Endless screams and wails

It’s selfish, but one thing I hate about living in central Toronto is that there are sirens of one type or another audible almost all day and all night long. Even when no sirens can actually be heard, I hear them screaming in my imagination.

The message: “It’s an emergency! But you can’t do anything about it” is frustrating and also a reminder of my feelings of pained impotence in response to climate change.

Why we can’t avoid dooming our grandchildren

A recent Slate article proposes a neurological mechanism for why human behaviour so frequently consists of choices where we harm our own long-term future prospects and those of others in order to satisfy near-term preferences.

Not only do our brains seem to regard our future selves as strangers, but most people rarely think about the “far future” more than a few years out, and imagining the future becomes harder as people age: “The data showed that having children or grandchildren did not increase future thinking.”

This may help explain why so many grandparents maintain behaviours and continue to support politicians who are burning up their grandkids’ future by rapidly destabilizing the climate.
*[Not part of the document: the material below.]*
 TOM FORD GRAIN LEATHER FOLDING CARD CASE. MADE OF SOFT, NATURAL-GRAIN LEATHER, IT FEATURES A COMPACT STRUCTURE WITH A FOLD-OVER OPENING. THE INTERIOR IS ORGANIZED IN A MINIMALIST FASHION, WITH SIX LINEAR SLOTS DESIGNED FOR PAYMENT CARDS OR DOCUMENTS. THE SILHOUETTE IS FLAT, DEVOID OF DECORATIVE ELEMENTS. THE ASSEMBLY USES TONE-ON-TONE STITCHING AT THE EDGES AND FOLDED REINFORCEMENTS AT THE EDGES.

Lately it’s hard to avoid the feeling that we’re going to permanently wreck the climate and any prospects for peace and stability in human civilization because we’re psychologically incapable of behaving otherwise. Climate change is racing at full speed through a gap in human reasoning, all because we can’t really accept how serious the consequences will be and because we are so unwilling to be the first to undertake a shared sacrifice to avoid disaster.